Sperti explains that a major challenge for World Vision is ensuring supporters are able the impact of their contributions, which are often channeled into projects overseas. In other words, “making the invisible, visible”.

“Technology really plays a critical role to deliver on that experience-based approach, but our landscape wasn't really supporting our ambitions,” she said.

“This really led us to focus our initial investment where we were going to gain the greatest benefit. And so, this has led us to invest in areas like marketing automation, data and analytics, content platforms and most importantly, the integration that exists between those platforms.”

Sperti said it is critical to focus, qualify and act upon the two of three biggest gaps to get the project moving otherwise a lot of value will be lost through inaction.

Another important focus is to make sure technology is aligned to strategy.

“Too often I see platforms and tech are really chosen without the organisation or marketers really understanding what role does that platform play and what are the requirements that it needs to fulfil,” she explained.

Data and insights are the ‘glue’ of a digital transformation project; insights provide a foundation to build a strategy upon.

World Vision has more than 40,000 different data points and more than 2 million past and present donors.

“When I started at World Vision, it actually took us six weeks to actually get a customer list out of our database and it was one list, no segmentation. There was no clear ownership of data within the organisation and that often meant that decision related to data were often deferred to our IT team, which usually take a lens of security or risk mitigation,” she said.

“We'd invested heavily in research, so we were rich with insight, but we weren't actually acting upon it. And there was very little reporting in place to monitor and manage campaign performance, product performance and donor value.”

To fix this, World Vision made marketing as the stewards of data strategy, who work closely with a team of data analysts.

“Value is really only created from new models and segmentation when it's actually operationalised,” she said.

The 'personal touch'

Sperti said is also important to make sure marketers are getting close and personal with customers because analysts will only tell you what happened or could happen, but not necessarily why.

She added that the most important challenge is people and culture, which most organisations ignore.

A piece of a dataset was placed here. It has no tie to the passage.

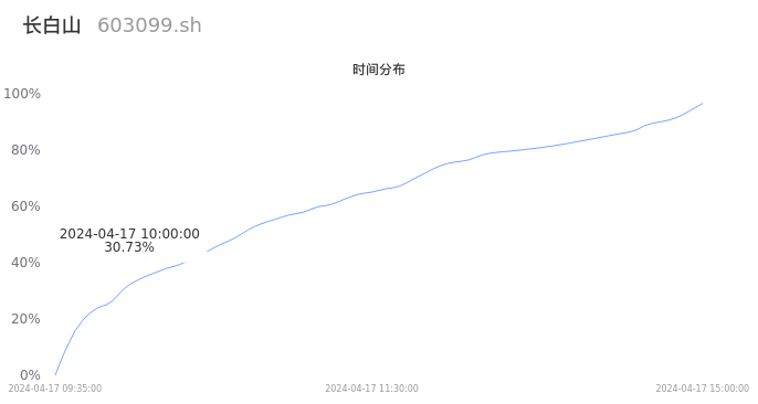 603099长白山2024年04月17日成交14.97万手,成交金额3.05亿元,相较昨日缩量5071手,换手率5.61%,成交清淡。

“We have a digital team that was there to manage digital and I'm sure many of you can relate to that. There's nothing wrong with that. It's just for digital transformation to lead and fundamentally evolve your organisation, it needs to live beyond the actual digital team,” she explained.

“Traditionally, we were strong as a marketing team in direct marketing and above-the-line marketing, and the team wasn't really equipped with the skills or expertise to operate in new ways and effectively leverage digital.”

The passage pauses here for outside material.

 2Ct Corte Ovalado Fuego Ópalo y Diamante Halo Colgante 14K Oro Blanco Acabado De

Although resistant to change, World Vision has found that hiring several senior executives with solid digital and data experience has helped drive change, as well as flattening organisation structures to make sure rank and file workers are closer to the decision-making process.

“We've also focused on shifting the culture to one of test and learn and one that encourages innovation,” she added. “We've had success through things like - we did quarterly showcases that enabled us to showcase new thinking and celebrate new thinking.”

Operational changes include a new campaign strategy process that uses a lean strategy approach where cross-functional teams come together, including agency partners, and we actually workshop a strategy collaboratively.

There’s also a new product development process, which leverages “design sprints, and we define and develop on the basis of the donor journey”.

“When I started at World Vision, both campaigns and products were built largely on the basis of internal needs verses marketing science and the donor journey. Collaboration didn't really exist, whether it was developing a new product or campaign,” Sperti said.

“The organisation's natural tendency was to operate within silos and that's probably something again that everyone in this room can relate to. Even our own marketing team operated in silos. We had the acquisition team that never spoke to the retention team.”